Source material —

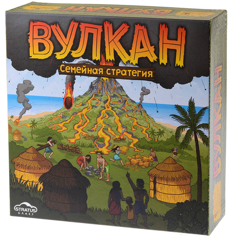 Караул! На нашем острове проснулся вулкан! Давайте направим потоки в соседнюю деревню, наша целее будет... Сегодня рассказ о настольной игре "Вулкан". Это игра для 2-6 человек на выставление тайлов на общем поле. В центре поля изображен вулкан, игроки по очереди выставляют тайлы с изображенными потоками лавы, направляя их к деревням соперников расположенным по краям поля. Побеждает игрок деревня которого наименее пострадала от извержения, либо когда все деревни соперников сгорят. Кроме выставления тайлов с потоками игроки в свой ход могут строить препятствия на пути лавы, а так же разыгрывать карты событий, которые игрок получает при подведении потоков лавы к чужой деревне. Карты позволяют поменять, развернуть или убрать тайл с потоками лавы, охладить свою деревню, еще их можно обменять на препятствия или дополнительные тайлы. В коробке с игрой находится игровое поле, шестигранные тайлы потоков лавы, колода карт событий, картонные фишки игроков (показывают температуру в деревне), де
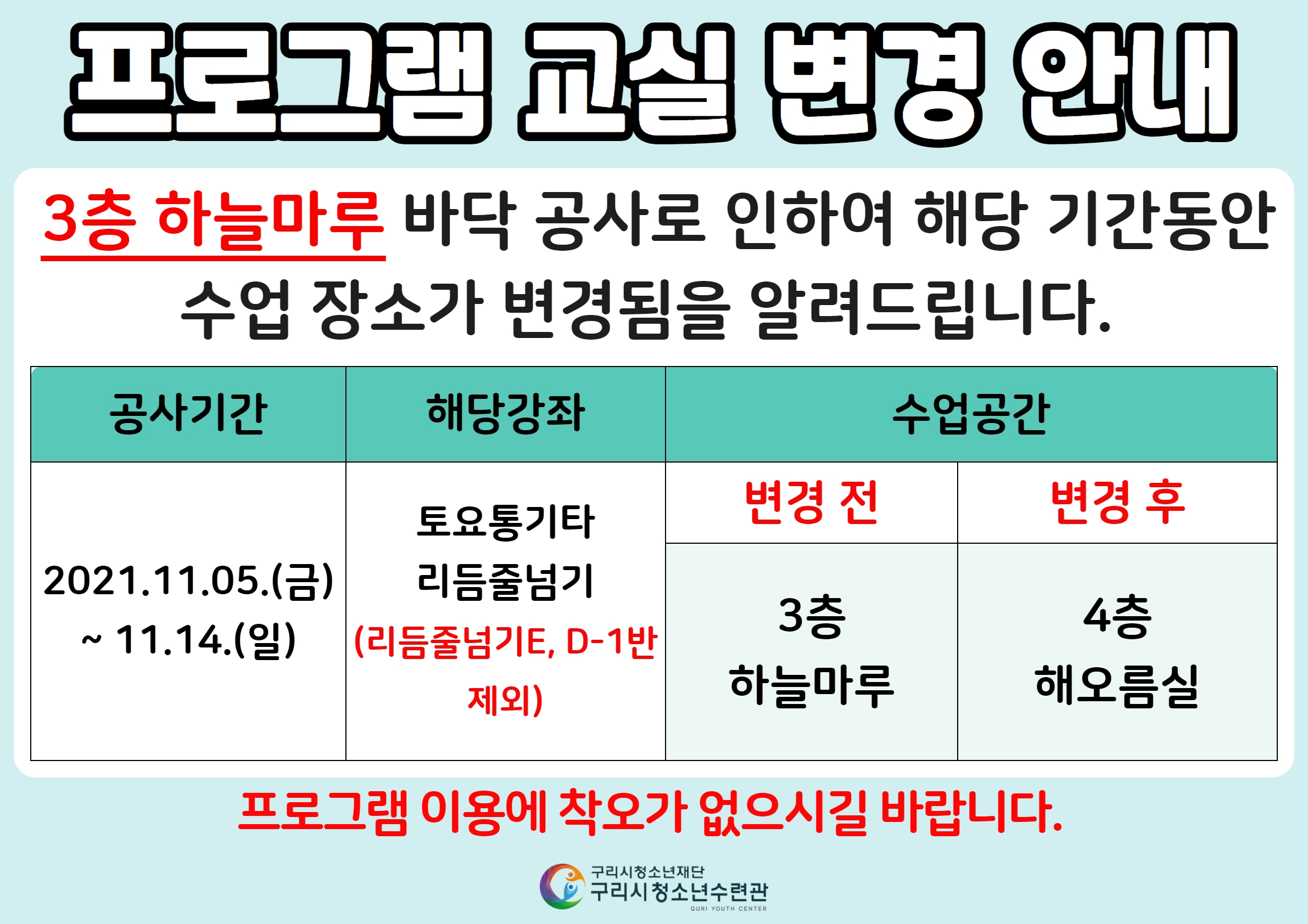 청소년수련관 프로그램 수업 장소 변경 안내 작성자 관리자 등록일자 2021년 11월 1일 17시 57분 34초 조회 1,067 문화강좌홍보.jpg [ Size : 710.2KB , Down : 823 ] 미리보기 다운로드 목록보기
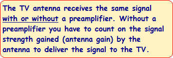 Use a distribution amplifier (not a preamp) in strong signal areas when you want to divide the signal to several TVs in your house.
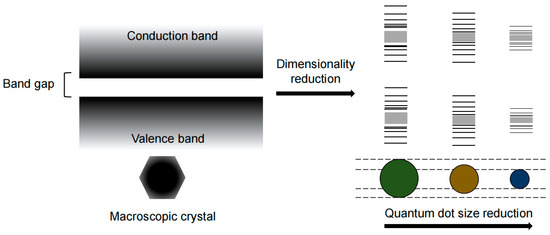 QCE is a phenomenon where the energy levels of a material become discrete when the particle is close to or smaller than the Bohr radius of the exciton (Figure 1). This phenomenon allows for the manipulation of the physical properties of semiconductor nanocrystals (NCs) by controlling their size. QDs are a type of NC, and their size can be precisely controlled, enabling tuning of their emission light from ultraviolet to infrared, which is a practical application of QCE [11].
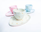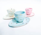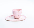 Ručně tvarovaný šálek a podšálek s glazurami v jedinečných ručně vyrobených odstínech.
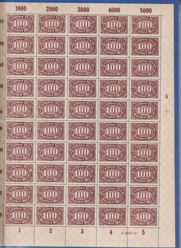 MiNr. 247 postfrischer Bogen, HAN H 8698.22 Platte 5, seltener Plattenfehler f12/III
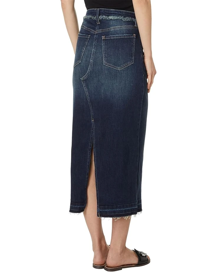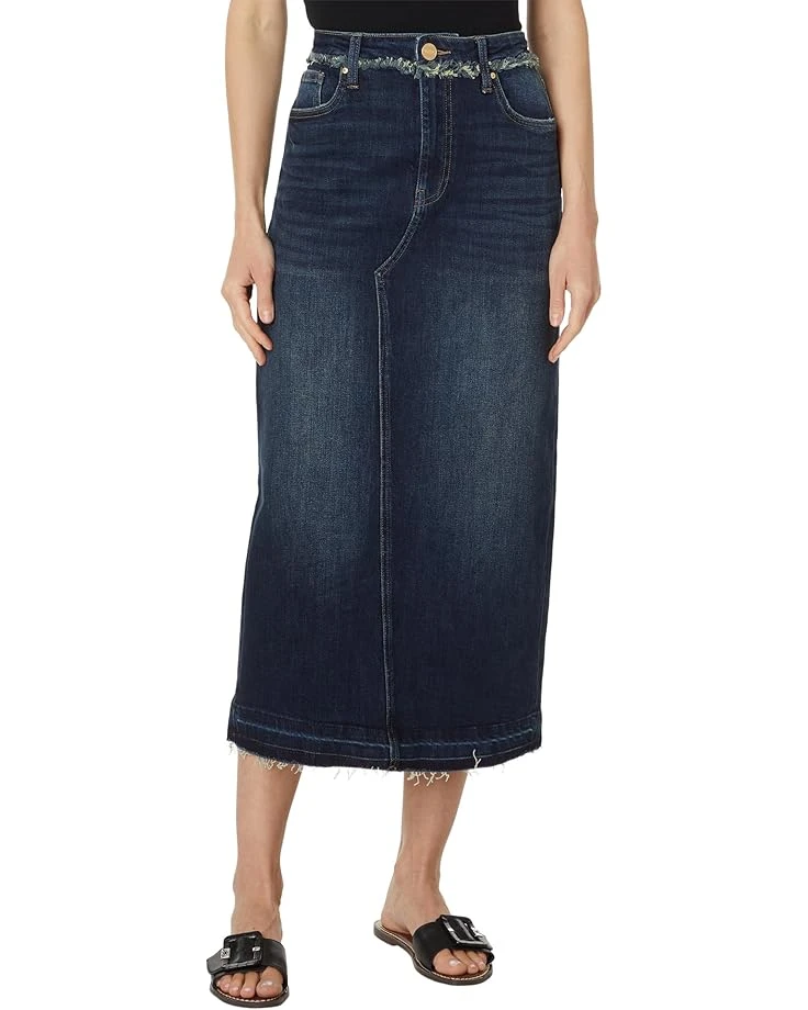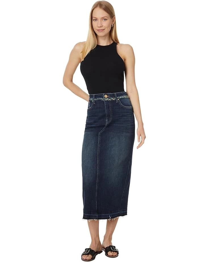 - Designed in a high-rise silhouette, the KUT from the Kloth™ Kelly Maxi Skirt is a great choice for creating fashionista looks and styles. The denim fabrication of this maxi-length skirt offers durability while the long slit at the center back ensures a better range of movement. One of the highlights of the skirt is its frill trim at the waist. A stylish addition to your wardrobe, this denim skirt is perfect to pair with casual tees and tops.
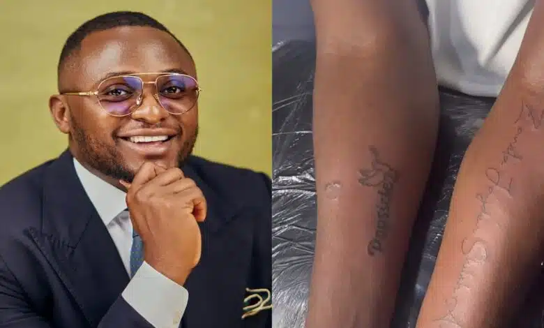 However, Nigerians ridiculed the talent manager for neglecting his own kids and tattooing that of another.
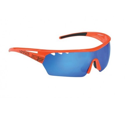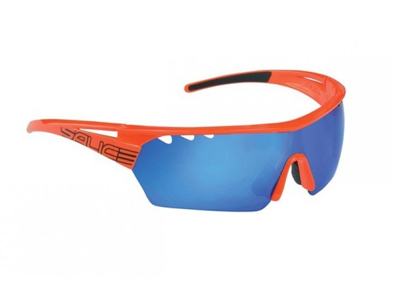 Svietivo oranžový rámček s modrými zrkadlovými sklami, druhé sklá v balení sú číre.
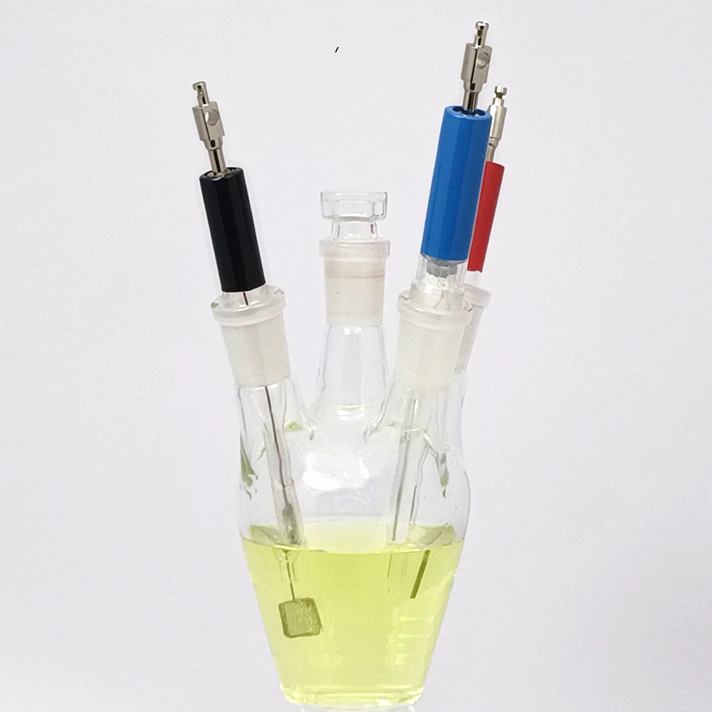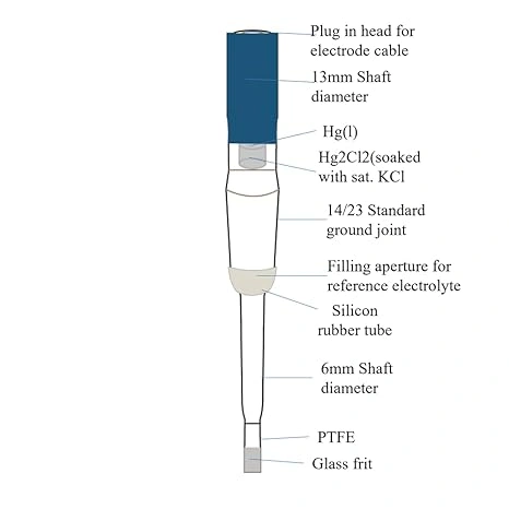 The Saturated Calomel Reference Electrode with a Vycor porous frit provides accurate electrochemical measurements in neutral and slightly acidic environments. Its strong construction and use of high-quality materials assure long-term durability and minimum potential drift. The Saturated KCl electrolyte filling, along with the ability to easily refill with specific concentrations, provides researchers with unparalleled flexibility for tailored experimental conditions The standard ground joint (14/23) ensures easy integration with MTX electrochemical cell tops, making it an essential tool for a wide range of electrochemical applications. Banana connector pin 4mm helps to link the electrodes to potentiostat and galvanostat for precise control of potential and current.
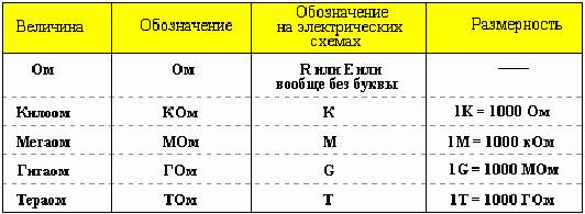 Вы наверно обратили внимание, что рассчитанные нами номиналы сопротивления резисторов имеют слишком большую размерность. Для удобной записи величины сопротивлений применяют кратные величины, которые перечислены в приводимой таблице.

Exercise goal — The lines above from the line with "청소년수련관 프로그램 수업" through the line with "Use a distribution" are to be given again word for word, with no pictures among them.

Answer box —
 청소년수련관 프로그램 수업 장소 변경 안내 작성자 관리자 등록일자 2021년 11월 1일 17시 57분 34초 조회 1,067 문화강좌홍보.jpg [ Size : 710.2KB , Down : 823 ] 미리보기 다운로드 목록보기
 Use a distribution amplifier (not a preamp) in strong signal areas when you want to divide the signal to several TVs in your house.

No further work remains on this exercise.